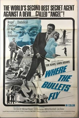 Where the Bullets Fly (Alastair Films, Puck Films; 1966) poster. Comedy, Spy Film, Parody. Starring Tom Adams, Dawn Addams, Tim Barrett, Michael Ripper, Sid James, Wilfrid Brambell, Joe Baker, John Arnatt, Ronald Leigh-Hunt, Marcus Hammond. Directed by John Gilling. Some edge wear, creases, paper loss. Very Fine. (27"x41").
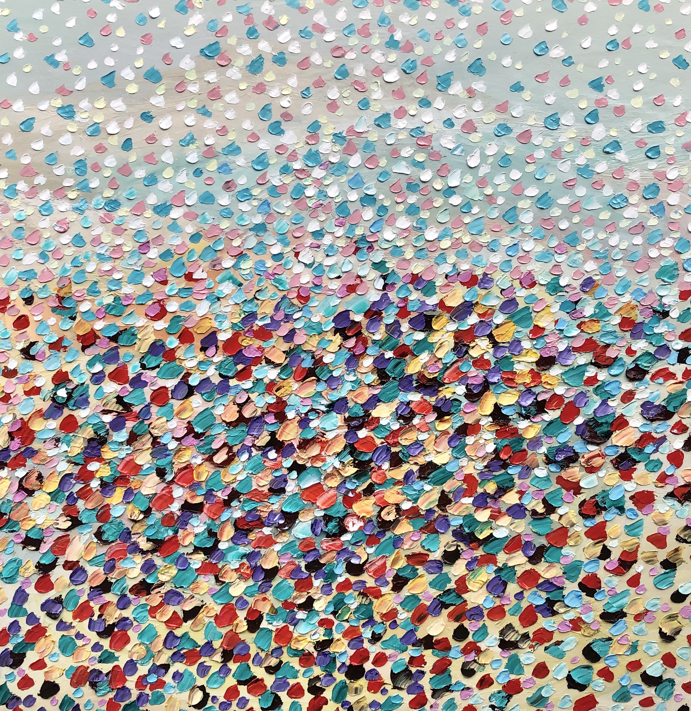 Embrace is a beautiful painting with so much depth by creating lots of layers of paint giving it a three dimensional feel. Petals falling from the sky falling onto the landscape, creating a beautiful bed of petals.This painting is painted with a pallet knife with thick oil paints on canvas. Hope this painting makes the viewer feel peaceful and tranquil. The painting is signed and dated 2020 at the back and comes with a certificate of Authenticity.
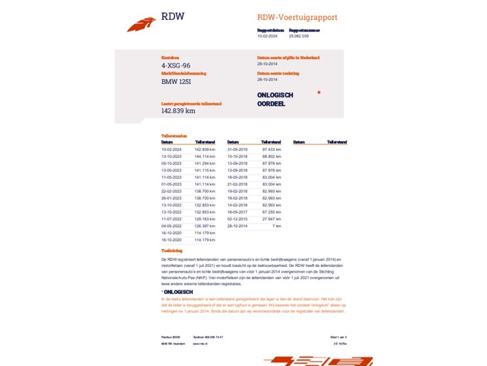 Kilometerstand gecontroleerd

= Exercise requirements =
Nothing but the pictures is to be left out; the rest of the listing should be copied exactly.

= Output of the task =
 Where the Bullets Fly (Alastair Films, Puck Films; 1966) poster. Comedy, Spy Film, Parody. Starring Tom Adams, Dawn Addams, Tim Barrett, Michael Ripper, Sid James, Wilfrid Brambell, Joe Baker, John Arnatt, Ronald Leigh-Hunt, Marcus Hammond. Directed by John Gilling. Some edge wear, creases, paper loss. Very Fine. (27"x41").
 Embrace is a beautiful painting with so much depth by creating lots of layers of paint giving it a three dimensional feel. Petals falling from the sky falling onto the landscape, creating a beautiful bed of petals.This painting is painted with a pallet knife with thick oil paints on canvas. Hope this painting makes the viewer feel peaceful and tranquil. The painting is signed and dated 2020 at the back and comes with a certificate of Authenticity.
 Kilometerstand gecontroleerd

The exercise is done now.